Brief Review — BotNet: Bottleneck Transformers for Visual Recognition
BotNet, By Only Replacing 3 Bottleneck Blocks With Self-Attention, Improves Performance Significantly
1989 … 2022 [ConvNeXt] [PVTv2] [ViT-G] [AS-MLP] [ResTv2] [CSWin Transformer] [Pale Transformer] [Sparse MLP] [MViTv2] [S²-MLP] [CycleMLP] [MobileOne] [GC ViT] [VAN] [ACMix] [CVNets] [MobileViT] [RepMLP] [RepLKNet] [ParNet] 2023 [Vision Permutator (ViP)]

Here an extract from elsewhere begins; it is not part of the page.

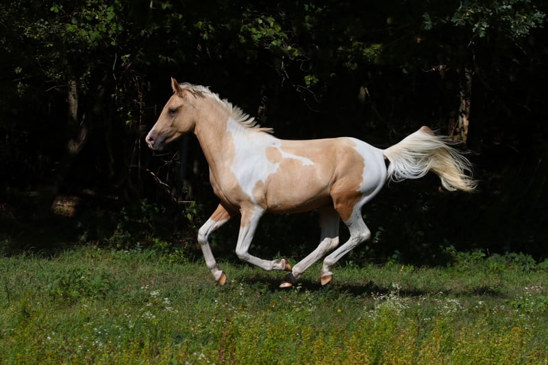 PRISET GÄLLER FÖR KASTRERING UPP TILL SENAST 3 ÅR GAMMAL!!! Lupinenhofs Spotify är en otroligt självsäker liten kille. Han är alltid där, är med överallt och måste utforska allt. Han lär sig snabbt och är lätt att övertyga. Han är absolut orädd och nyfiken. Visuellt är han ett riktigt blickfång. Inte bara hans sällsynta och speciella färg (palomino piebald, såvitt jag vet den enda i världen), utan också hans närvaro är mycket imponerande. Han är alltid där direkt när han ska visa upp sig och gör det mycket gärna. En sann showman. Hans härstamning är långt ifrån den gängse. Han har 73% arabiskt blod, och även om han är av arabiskt ursprung är han stark med en stabil och mycket korrekt grund. Hans farfar är Camaro. På grund av sin stamtavla, kvalitet och färg skulle han verkligen vara intressant för avel. Jag ser honom i uthållighets- eller eventingsektorn. Hans sluthöjd kommer att bli cirka 1,62 meter. Hans mor har sprungit distanser på upp till 61 kilometer. Hans mormor upp till 90 kilometer. Hans far är framgångsrik inom fälttävlan. Video tillgänglig, kan skickas på begäran. Spotify fick stanna länge hos sin mor och avvandes av henne. Han växte upp i en flock och bor i ett öppet stall. Han har 24/7/12 frisk luft, ljus och motion, utfodras med högkvalitativt foder och har alltid tillgång till hö. Självklart är han vaccinerad, regelbundet avmaskad och går till hovslagaren var 6-8:e vecka. Allt som allt en perfekt grund för ett långt och friskt hästliv. Eftersom bra uppfödning kostar pengar ökar priset med åldern.

==== My Other Paper Readings Are Also Over Here ====
- BotNet is proposed by just replacing the spatial convolutions with global self-attention in the final three bottleneck blocks of a ResNet, to improve the performance.
1.1. Bottleneck Transformer
The only difference is the replacement of the spatial 3×3 convolution layer with Multi-Head Self-Attention (MHSA). 4 heads are used.
- (Please feel free to read Transformer & Non-Local Neural Network for more information of self-attention.)
1.2. Positional Embedding
In order to make the attention operation position aware, global (All2all) attention is performed on a 2D feature map with split relative position encodings Rh and Rw for height and width respectively.
- The highlighted blue boxes (position encodings and the value projection) and multiple heads, are the only three elements that are not present in the Non-Local Neural Network.
1.3. Model Architecture
- The only difference in BoT50 from ResNet-50 (R50) is the use of MHSA layer in c5. For an input resolution of 1024×1024, the MHSA layer in the first block of c5 operates on 64×64 while the remaining two operate on 32×32.
- BoT50 has only 1.2× more multiple-adds. than R50. The overhead in training throughout is 1.3×. BoT50 also has 1.2× fewer parameters than R50.
- As for dense prediction, convolution with stride of 2 in first block of c5 is used in R50. In Bot50, a 2×2 average-pooling with a stride 2 for the first BoT block.
1.4. BoTNet-S1 for Image Classification
- For image classification, the BoTNet design in the c5 block group can be changed to uniformly use a stride of 1 in all the final MHSA layers.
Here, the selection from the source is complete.